Text Forecast

wraphaeljr
January 18, 2016

What It Does

The “Text Forecast” application takes a users input, and attempts to identify which word is likely to come next.

The main prediction is set apart
- Alternatives are listed below
Two metrics are provided to help indicate the strength of the prediction.
- The PropIndex is listed for the strongest prediction (max. score is a 91)
- The LocalScore is provided for every possibility (max. score is 100)

How the App Works

The use of this application is fairly straightforward:

The user types in a phrase and hits the “Predict” button.
- When the page is first loaded, the application tries predicting the first word, which is unoriginally the word “the”. I considered removing this feature, but it made me chuckle and I realized that technically that's a great prediction for the first word of a sentence.
- The user can increase the adjusting the maximum number of hits displayed.
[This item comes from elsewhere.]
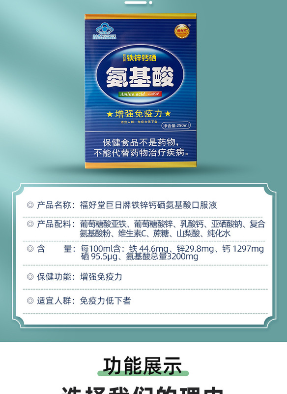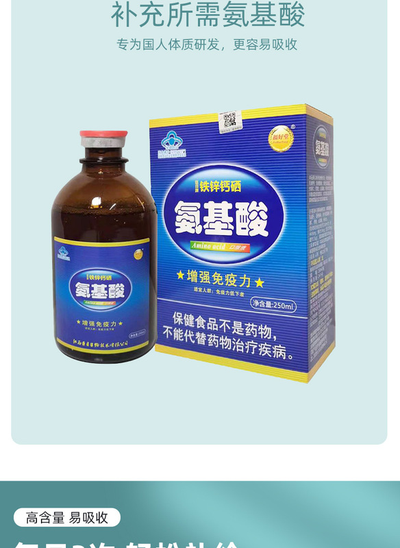 - Main Ingredients: Ferrous Gluconate, Zinc Gluconate, Lactic Acid Calcium, Sodium Selenite, Compound Amino Acid Powder, Vitamin C, Sucrose, Sorbic Acid, Purified Water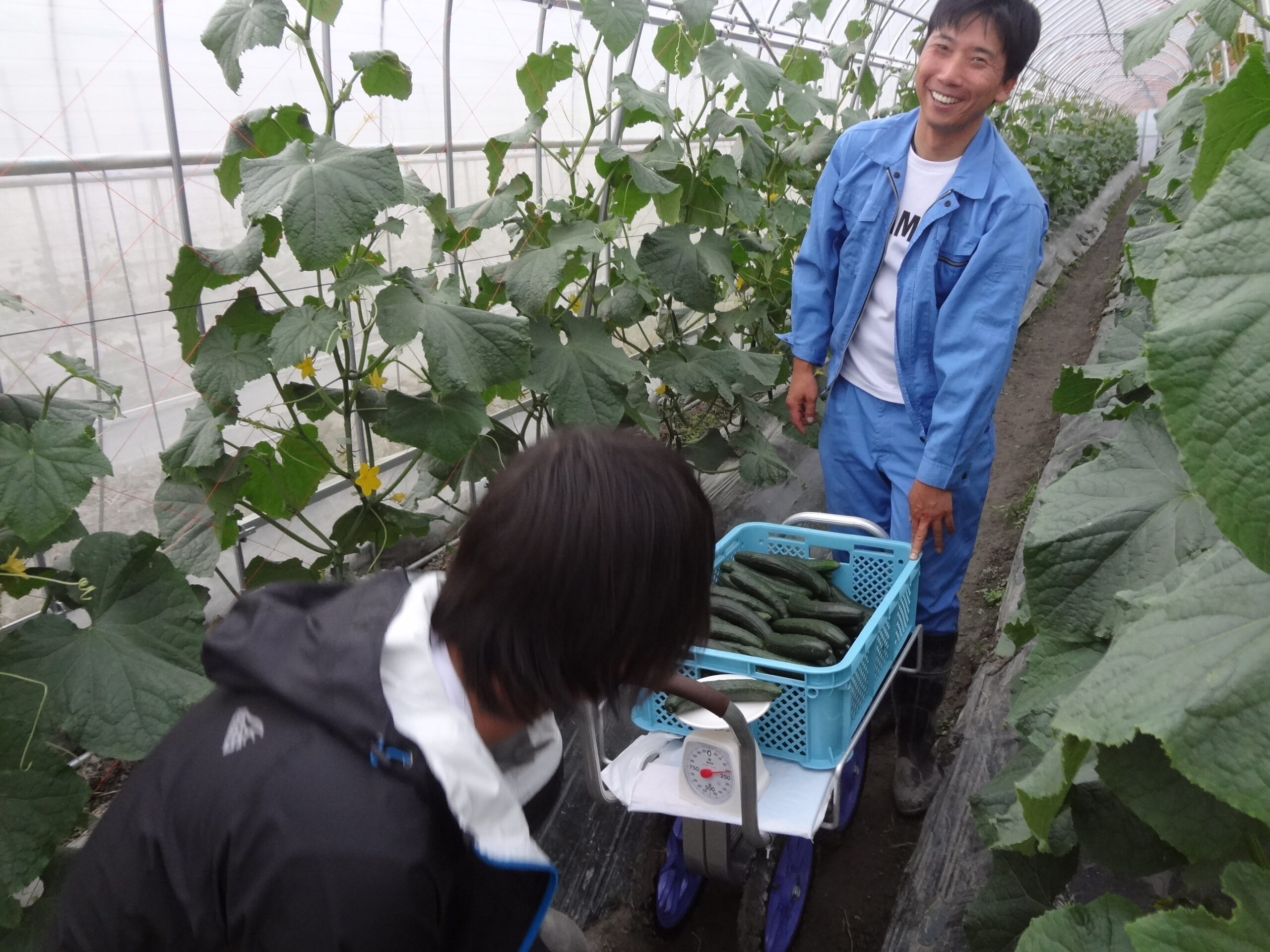 5/14に定植したハウスでは、もう背丈に迫る勢いできゅうりの樹が成長しています。その中から収穫適期のきゅうりを見つけて鋏で収穫していきます。収穫適期かどうかをぱっと見分けられるようになるには、「ただひたすら経験を積むこと」と指導マネージャーからアドバイスがありましたが、今は当然悩みながらの収穫です。

By default, it's set to ten predictions.
The alogrithm that's used (more on that in the next slide) is pretty simple, so the results are returned almost instantly.

The Prediction Algorithm

It was difficult to find a satisfying algorithm for this task. After many many hours, and many mistakes, I managed to extract unigrams, bigrams, trigrams, quadgrams, and quintgrams from blogs, twitter, and the news. I lopped off the final word of my terms and applied a Markov/“memoryless” assumption that the most critical information was contained in the last few words.
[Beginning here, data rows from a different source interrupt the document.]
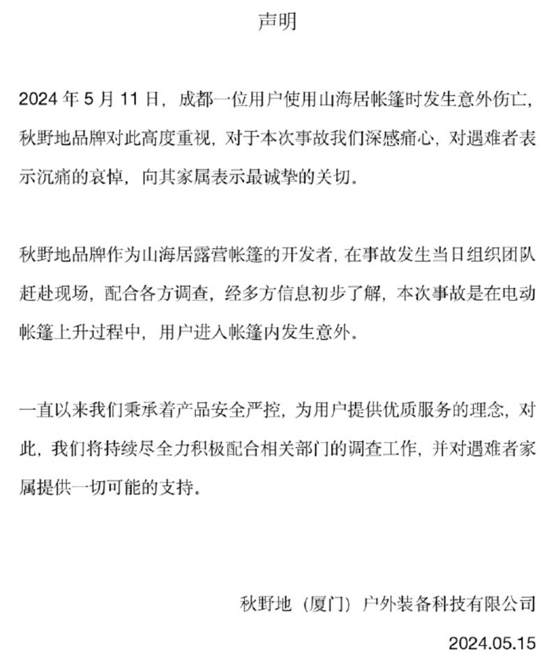 同日,秋野地品牌也发表声明如下:“秋野地品牌作为山海居露营帐篷的开发者,在事故发生当日组织团队赶赴现场,配合各方调查,经多方信息初步了解,本次事故是在电动帐篷上升过程中,用户进人帐篷内发生意外。”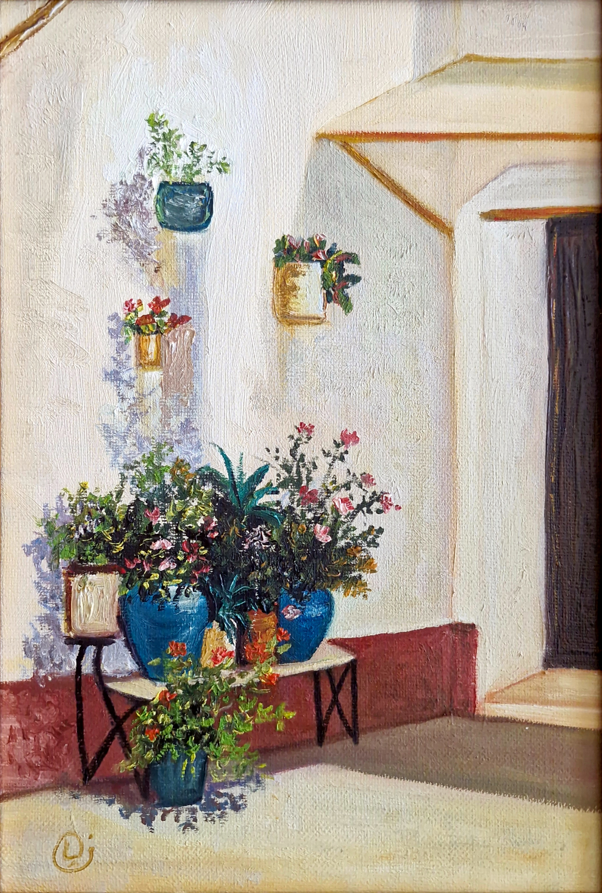 This painting, titled My Father, represents the house I grew up in. It depicts various vibrant plants and flowers in pots placed against a wall. The shadows on the wall and the details of the pots reflect the warm and peaceful atmosphere of the home. The yellowish light under the ceiling in the upper corner emphasizes the sunny and bright nature of the place. The overall composition of the painting brings back precious memories of my childhood and the moments I shared with my family. This painting is not just a depiction of a place but also a reflection of the emotions and memories from that period.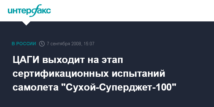 "Сейчас мы выходим на этап начала сертификационных испытаний. В ближайшее время компания "Гражданские самолеты Сухого" должна представить нам самолет для этих испытаний. Прибытия самолета из Комсомольска в Жуковский мы ожидаем буквально со дня на день", - сказал директор ЦАГИ Сергей Чернышев журналистам на завершающемся в воскресенье в Геленджике гидроавиасалоне-2008.

The algorithm basically cleans the text input, subsets it, and then uses multi-level if-else structures to search through different tables for the most popular matches. The tables each have different restrictions & variables to try to hone in on the best matches, but some bad ones still get through.
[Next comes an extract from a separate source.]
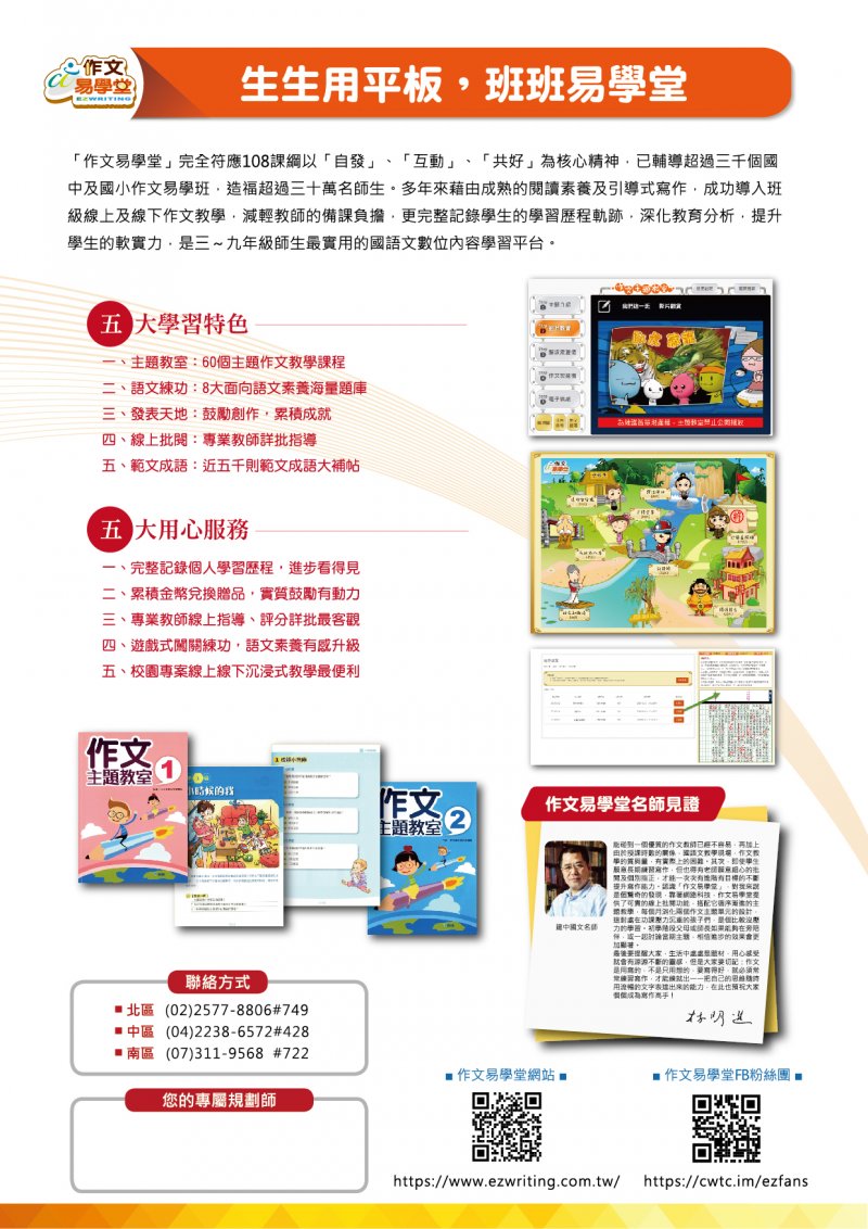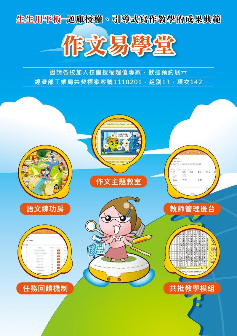 | 三、 | 「作文易學堂」多年來已輔導超過三千個國中、小班級,藉由前臺成熟的閱讀素養遊戲式題庫及引導式寫作教學動畫模組,減輕教師備課與公開課的負擔,也提供教師與行政窗口專屬後臺,可一鍵匯出學生作品集,以及班級學習歷程紀錄,利於呈報計畫成果、教學評鑑,深獲各縣市教育局處肯定。 |

clean2(clean1(input)) %>% if_elif() %>% subf2() %>% if_elif2() %>% sub_filt() %>% ... #etc

Further Development

The general principles in the design of this application seem favorable to expansion. I feel like there are a lot of different directions a person could go in. I would be curious to see how the algorithm and the application could be expanded to be more accurate. As I mentioned before, I would love to see a more sophisticated model implemented. There are a lot of NLP utilities out there, and I think that with more experience, some really impressive results could be achieved.

I also think it would be cool to try to harness the behavior of the user to help weight the different predictions in the future.

Thank you for taking the time to check out the app !-D
Have a great day!